#### Exercise goal:
Make an exact copy of the records below, excluding images.

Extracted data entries

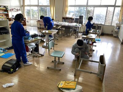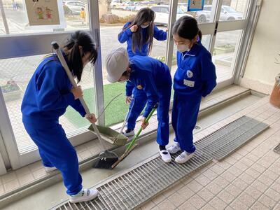 あの暑い夏からこの凍える冬まで、長い2学期も残すところ数日となりました。この日は、自分たちの学び舎への感謝の気持ちを込めていつもよりも長めの時間を設定し、「ロング清掃」として取り組みました。いつもの掃除ではなかなか手が回らない下駄箱や机・いすの足の裏などもきれいにしました。これで、気持ちよく3学期を迎えられます。
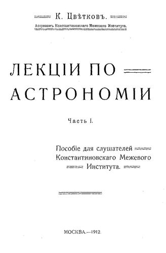 Лекции по астрономии : пособие для слушателей Константиновского межевого ин-та / К. Цветков. Ч. 1, 1912. - 163 III с.
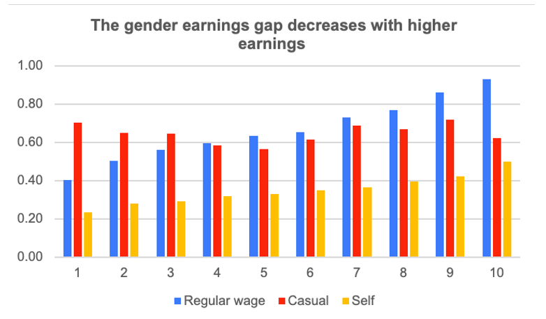The largest earnings gap is based on gender, with women reporting earnings at only 40% of those of men in self-employment, followed by 64% of men in casual wage jobs, and 76% of men in regular wage jobs.
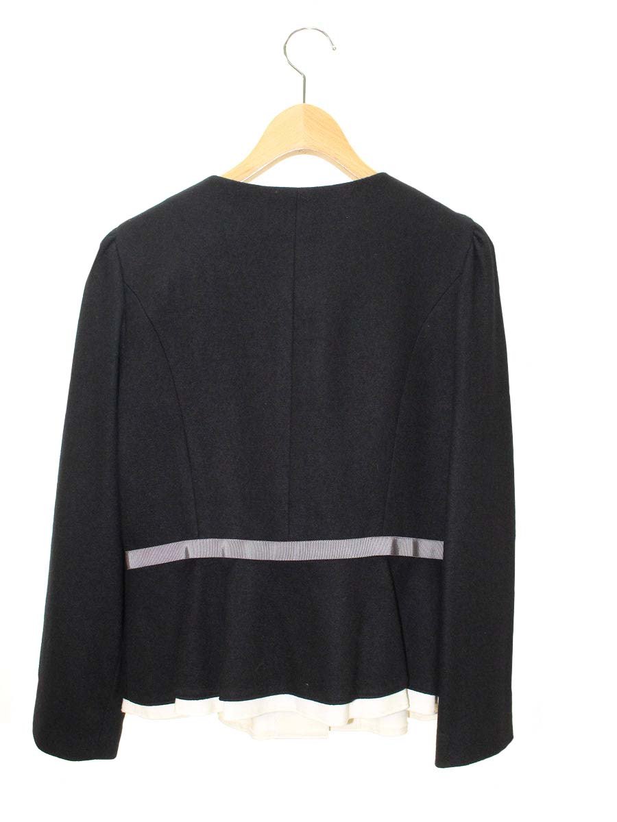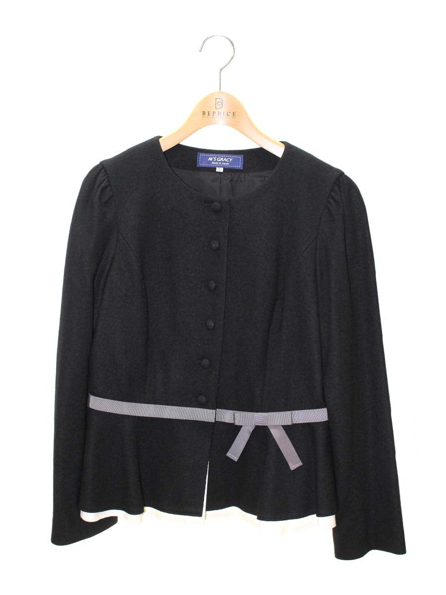 エムズグレイシー 814528 ジャケット 40 ブラック ノーカラー ウール リボン ITXCKTMDNUY4
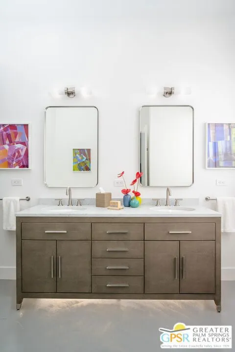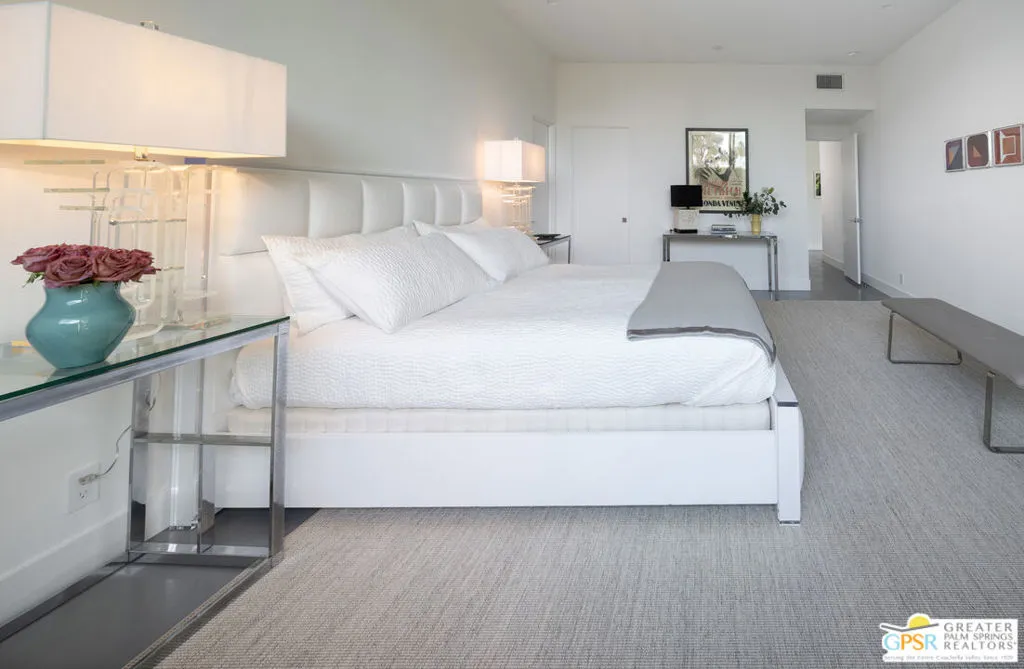 Situated in prestigious Marrakesh Country Club, this John Elgin Woolf designed Hollywood Regency Villa is a pinnacle of modern luxury. Remodeled by renowned celebrity photographer, Firooz Zahedi, author of several books including "My Elizabeth" on Elizabeth Taylor. This three-bedroom, three-bathroom, 2,427 square foot home is the largest of the original floor plans with the remodel completed in October 2025. Enter through the west-facing courtyard beautified with new hardscape and soft, lush landscaping scaling the exterior walls. Through iconic Marrakesh double doors lies a stunning, high-end modern renovation representative of a caliber that is higher than standard. The tall ceilings, extremely smooth white walls, new modern sliders and modern shades enhance light and set the mood throughout the home. In the living room, the black marbled fireplace, recessed art lighting and electric dual sun/blackout shades allow for the manipulation of light to your choice of ambience. Large new sliders frame stunning mountain views and the enormous green space behind. The expanded kitchen footprint allows for modern living with stainless steel appliances, gas cooking, modern gloss cabinetry, wine refrigerator and ample counter space. All bedrooms have private, en-suite baths with Restoration Hardware vanities in all baths. The primary bedroom includes a spacious bathroom with standalone tub, separate marble shower, new vanities, plumbing and fixtures. The walk-in closet includes custom shelving and organizers, and built-in laundry basket and wall storage. The secondary bedroom suite have been expanded to include a separate seating or office area, built-in closets and en-suite bathroom with shower. The third bedroom also includes an en-suite bathroom with shower and access to the front courtyard. Stackable laundry is hidden with convenient shelving and separate wash basin. Additional features include: a tankless water heater, two newly installed HVAC systems, two-car garage with EV Charging port, new electrical subpanel, new sliders/windows and a 38 panel/11.21kW solar system. Marrakesh is a boutique country club with an ideal central valley location amongst a few of the desert's finest private clubs. Amenities include 18-hole private executive golf course, tennis, pickleball, 14 pools and spa, a fitness center, and an active and newly-remodeled clubhouse with fine dining. Marrakesh is near famous El Paseo with all of its elegant boutiques, restaurants, art galleries, and coffee houses. Come experience Marrakesh Country Club. Furniture and Art available outside of escrow separate from the listing price.
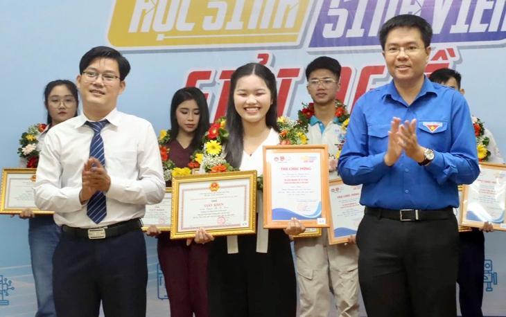 Chủ tịch Hội Sinh viên Việt Nam TP.HCM Nguyễn Đăng Khoa (bìa phải) trao giải nhất các nghề cho thí sinh của hội thi - Ảnh: LÊ HUY
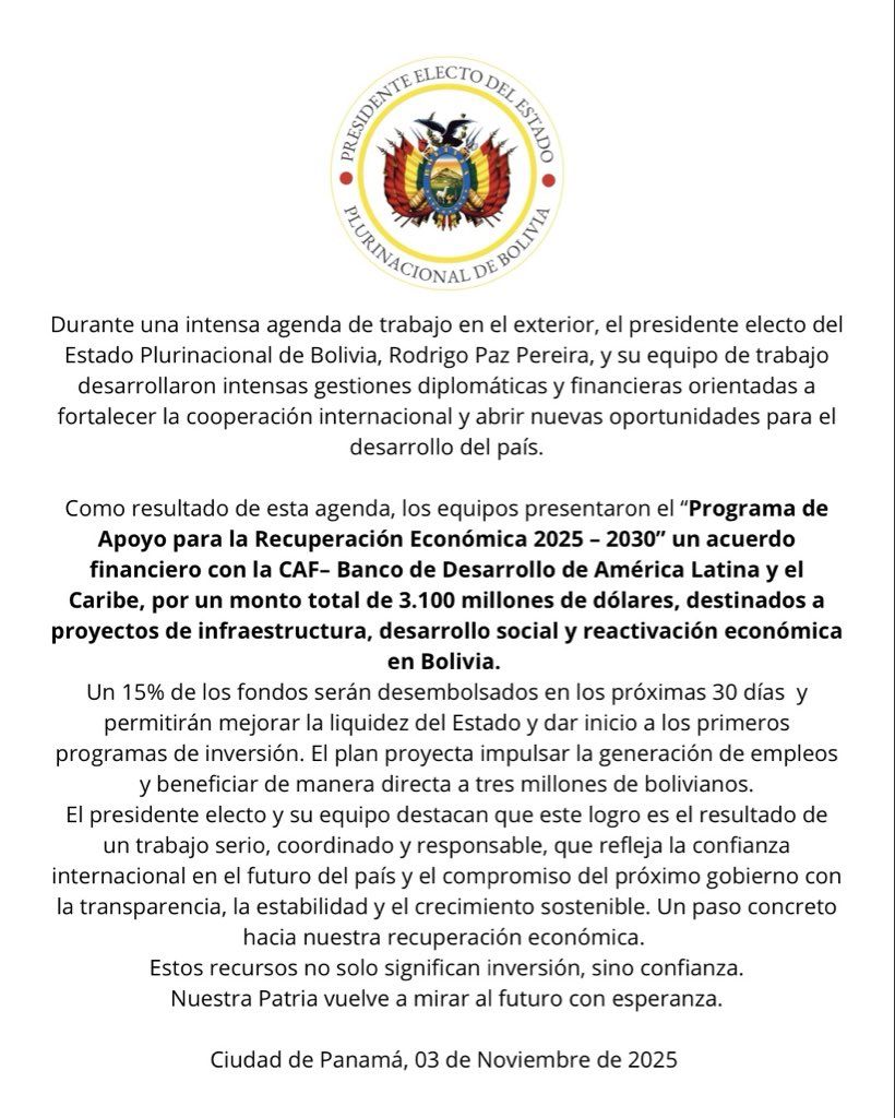 La Paz, 03 de nov de 2025 (RED DTV).–Durante su agenda internacional, el presidente electo de Bolivia, Rodrigo Paz Pereira, concretó un acuerdo financiero con la CAF–Banco de Desarrollo de América Latina y el Caribe por un monto de 3.100 millones de dólares. Los recursos serán destinados a proyectos de infraestructura, desarrollo social y reactivación económica en el país.
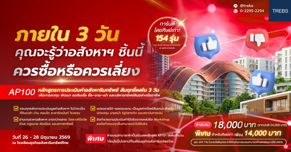 หลักสูตร การประเมินค่าอสังหาริมทรัพย์ สัมฤทธิ์ผลใน 3 วัน (AP100) รุ่นที่ 155
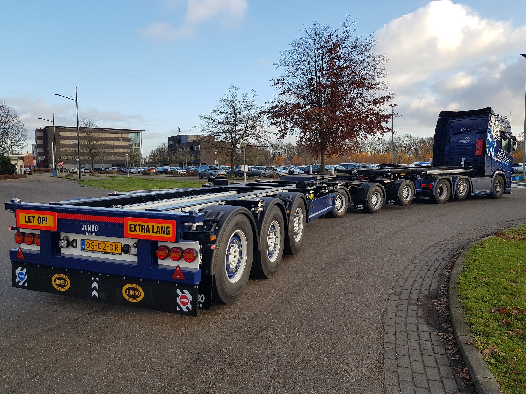 De afgelopen weken zijn vanuit de innovatieve Automotive Campus in Helmond de eerste Jumbo Groenewegen container LZV voorstukken afgeleverd die voldoen aan de Duitse LZV-eisen. Ron Poppelaars Transport, Barge Terminal Tilburg en Jan van der Meer Transport zijn de trotse bezitters van deze multi-inzetbare voertuigen.

#### Exercise solution:
 あの暑い夏からこの凍える冬まで、長い2学期も残すところ数日となりました。この日は、自分たちの学び舎への感謝の気持ちを込めていつもよりも長めの時間を設定し、「ロング清掃」として取り組みました。いつもの掃除ではなかなか手が回らない下駄箱や机・いすの足の裏などもきれいにしました。これで、気持ちよく3学期を迎えられます。
 Лекции по астрономии : пособие для слушателей Константиновского межевого ин-та / К. Цветков. Ч. 1, 1912. - 163 III с.
The largest earnings gap is based on gender, with women reporting earnings at only 40% of those of men in self-employment, followed by 64% of men in casual wage jobs, and 76% of men in regular wage jobs.
 エムズグレイシー 814528 ジャケット 40 ブラック ノーカラー ウール リボン ITXCKTMDNUY4
 Situated in prestigious Marrakesh Country Club, this John Elgin Woolf designed Hollywood Regency Villa is a pinnacle of modern luxury. Remodeled by renowned celebrity photographer, Firooz Zahedi, author of several books including "My Elizabeth" on Elizabeth Taylor. This three-bedroom, three-bathroom, 2,427 square foot home is the largest of the original floor plans with the remodel completed in October 2025. Enter through the west-facing courtyard beautified with new hardscape and soft, lush landscaping scaling the exterior walls. Through iconic Marrakesh double doors lies a stunning, high-end modern renovation representative of a caliber that is higher than standard. The tall ceilings, extremely smooth white walls, new modern sliders and modern shades enhance light and set the mood throughout the home. In the living room, the black marbled fireplace, recessed art lighting and electric dual sun/blackout shades allow for the manipulation of light to your choice of ambience. Large new sliders frame stunning mountain views and the enormous green space behind. The expanded kitchen footprint allows for modern living with stainless steel appliances, gas cooking, modern gloss cabinetry, wine refrigerator and ample counter space. All bedrooms have private, en-suite baths with Restoration Hardware vanities in all baths. The primary bedroom includes a spacious bathroom with standalone tub, separate marble shower, new vanities, plumbing and fixtures. The walk-in closet includes custom shelving and organizers, and built-in laundry basket and wall storage. The secondary bedroom suite have been expanded to include a separate seating or office area, built-in closets and en-suite bathroom with shower. The third bedroom also includes an en-suite bathroom with shower and access to the front courtyard. Stackable laundry is hidden with convenient shelving and separate wash basin. Additional features include: a tankless water heater, two newly installed HVAC systems, two-car garage with EV Charging port, new electrical subpanel, new sliders/windows and a 38 panel/11.21kW solar system. Marrakesh is a boutique country club with an ideal central valley location amongst a few of the desert's finest private clubs. Amenities include 18-hole private executive golf course, tennis, pickleball, 14 pools and spa, a fitness center, and an active and newly-remodeled clubhouse with fine dining. Marrakesh is near famous El Paseo with all of its elegant boutiques, restaurants, art galleries, and coffee houses. Come experience Marrakesh Country Club. Furniture and Art available outside of escrow separate from the listing price.
 Chủ tịch Hội Sinh viên Việt Nam TP.HCM Nguyễn Đăng Khoa (bìa phải) trao giải nhất các nghề cho thí sinh của hội thi - Ảnh: LÊ HUY
 La Paz, 03 de nov de 2025 (RED DTV).–Durante su agenda internacional, el presidente electo de Bolivia, Rodrigo Paz Pereira, concretó un acuerdo financiero con la CAF–Banco de Desarrollo de América Latina y el Caribe por un monto de 3.100 millones de dólares. Los recursos serán destinados a proyectos de infraestructura, desarrollo social y reactivación económica en el país.
 หลักสูตร การประเมินค่าอสังหาริมทรัพย์ สัมฤทธิ์ผลใน 3 วัน (AP100) รุ่นที่ 155
 De afgelopen weken zijn vanuit de innovatieve Automotive Campus in Helmond de eerste Jumbo Groenewegen container LZV voorstukken afgeleverd die voldoen aan de Duitse LZV-eisen. Ron Poppelaars Transport, Barge Terminal Tilburg en Jan van der Meer Transport zijn de trotse bezitters van deze multi-inzetbare voertuigen.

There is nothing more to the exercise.